Data shown
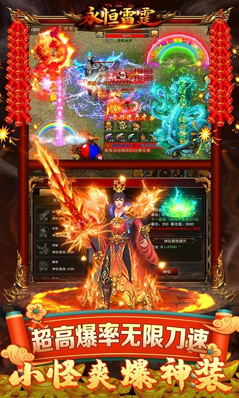 永恒雷霆是一款由映葭苇推出的复古传奇手游,正所谓装备全靠打,用最为经典的画风与炫酷的掉落特效为你带来最原汁原味的传奇,除此之外,还有超高的掉率让你能够快速的完成装备都刷取,去冲刺更高的游戏等级追求巅峰,单职业的游戏玩法也摆脱了传统三职业传奇在组队上的硬性要求,让每个玩家都不用考虑其它因素来进行的自由组队。技能上也进行融合了,曾经三个职业的技能如今一个角色全部都可以使用,因此玩家也可以根据副本环境来进行技能的更换,更加爽快的体验游戏,华丽的视觉特效之下满屏掉落物也令人欣喜若狂,值得你来放飞自我。
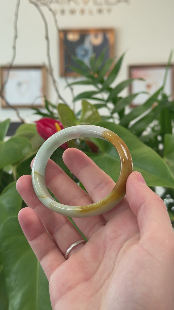 * DETAILS--This exquisite bangle is crafted from premium Burmese jadeite, showcasing a beautiful blend of green tones featuring a large red color patch. Its oval style is great for petite, flat wrists making it a versatile and stylish piece. A meaningful and thoughtful gift — perfect for yourself or someone truly special.
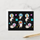 A postcard with an image of astronaut animals in see-through helmets floating in space. Giraffe, mouse, cat & rabbit. So adorable and fun.
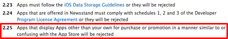 Tipped off last week by a number of sources, an investigation by PocketGamer.biz has cast light on what appears to be a new clause in the guidelines that restricts apps that provide links to apps that are not your own.
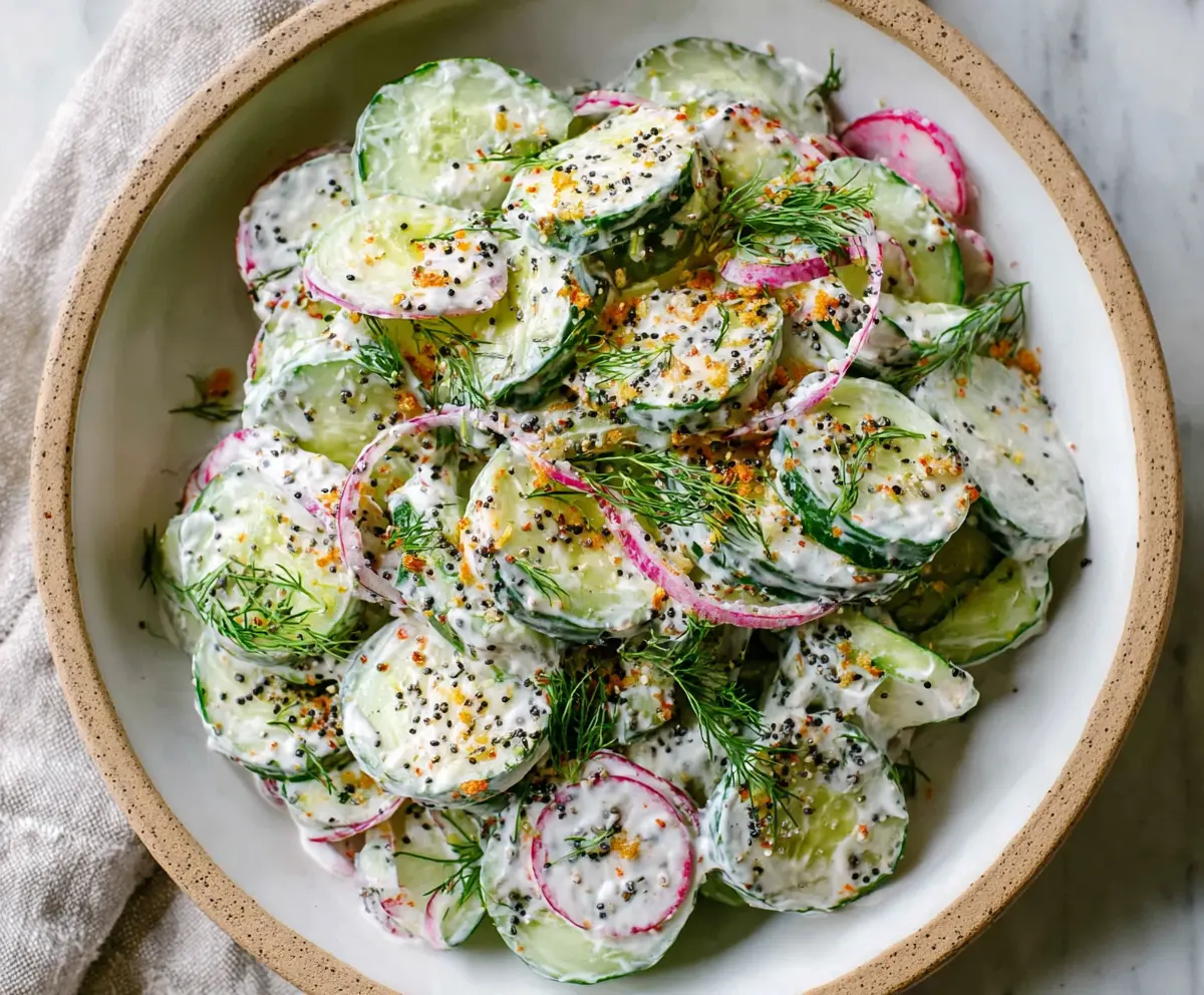 This Cucumber Everything Bagel Salad is fresh, crunchy, and bursting with flavor! It combines cool cucumbers with everything bagel seasoning for a fun twist.
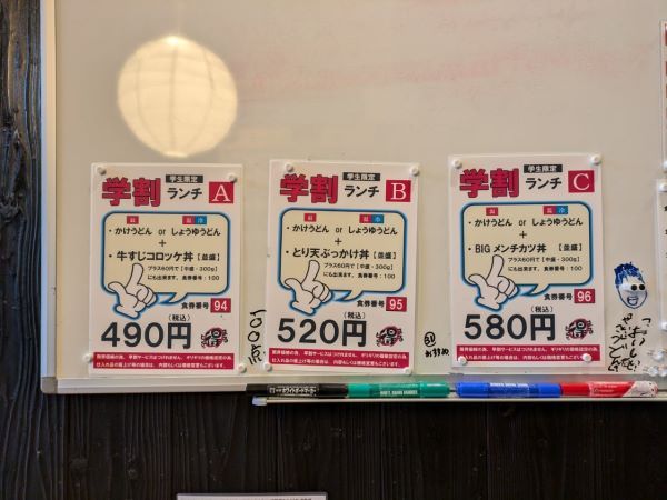 「出汁は厳選された材料をバランスよく配合し、火加減に注意を払いながら、じっくり弱火で2時間以上の時間をかけて旨みを抽出し、毎日でも食べられる飽きの来ない出汁作りを心掛けています。麺用粉は、ソフトで粘りが出るもの、なめらかでコシが出るもの、もちもちとした食感が出るものの3種類を独自にブレンドしています。」と店主の中野さん。 どのメニューもリーズナブルな上に、小学生から大学生まで対象の学割メニューもありますよ。
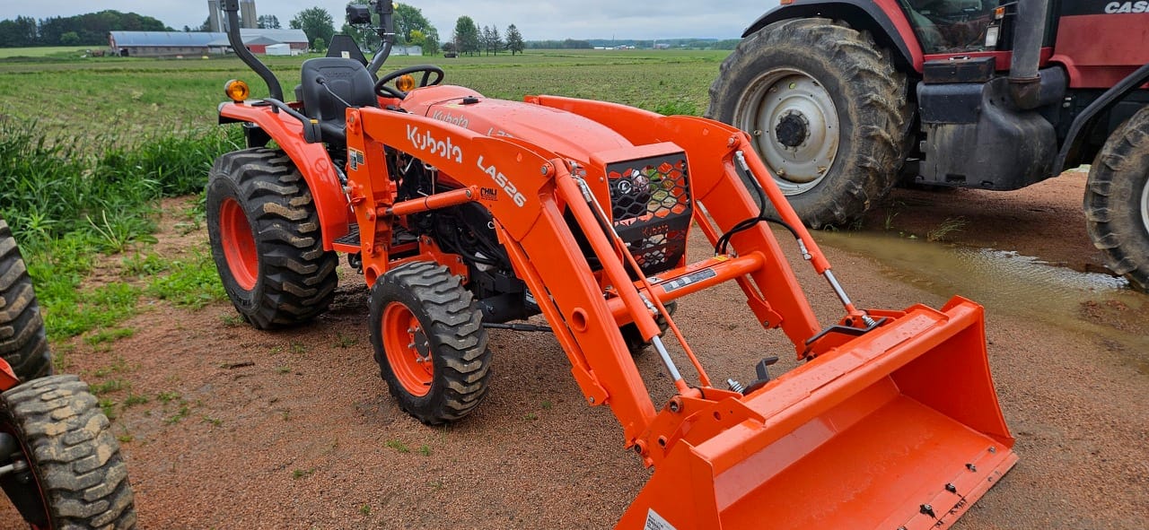 3-range hydrostatic drive, ROPS, R4 industrial tires, Fluid in tires, 3-point, 540 PTO, LA526 loader with 66″ quick attach bucket and cutting edge. The grill guard also has a mesh brush guard for more protection.

Problem statement
From the first line of the listing above, repeat every line through the one holding "A postcard with". Both ends count, and pictures stay out.

Written reply
 永恒雷霆是一款由映葭苇推出的复古传奇手游,正所谓装备全靠打,用最为经典的画风与炫酷的掉落特效为你带来最原汁原味的传奇,除此之外,还有超高的掉率让你能够快速的完成装备都刷取,去冲刺更高的游戏等级追求巅峰,单职业的游戏玩法也摆脱了传统三职业传奇在组队上的硬性要求,让每个玩家都不用考虑其它因素来进行的自由组队。技能上也进行融合了,曾经三个职业的技能如今一个角色全部都可以使用,因此玩家也可以根据副本环境来进行技能的更换,更加爽快的体验游戏,华丽的视觉特效之下满屏掉落物也令人欣喜若狂,值得你来放飞自我。
 * DETAILS--This exquisite bangle is crafted from premium Burmese jadeite, showcasing a beautiful blend of green tones featuring a large red color patch. Its oval style is great for petite, flat wrists making it a versatile and stylish piece. A meaningful and thoughtful gift — perfect for yourself or someone truly special.
 A postcard with an image of astronaut animals in see-through helmets floating in space. Giraffe, mouse, cat & rabbit. So adorable and fun.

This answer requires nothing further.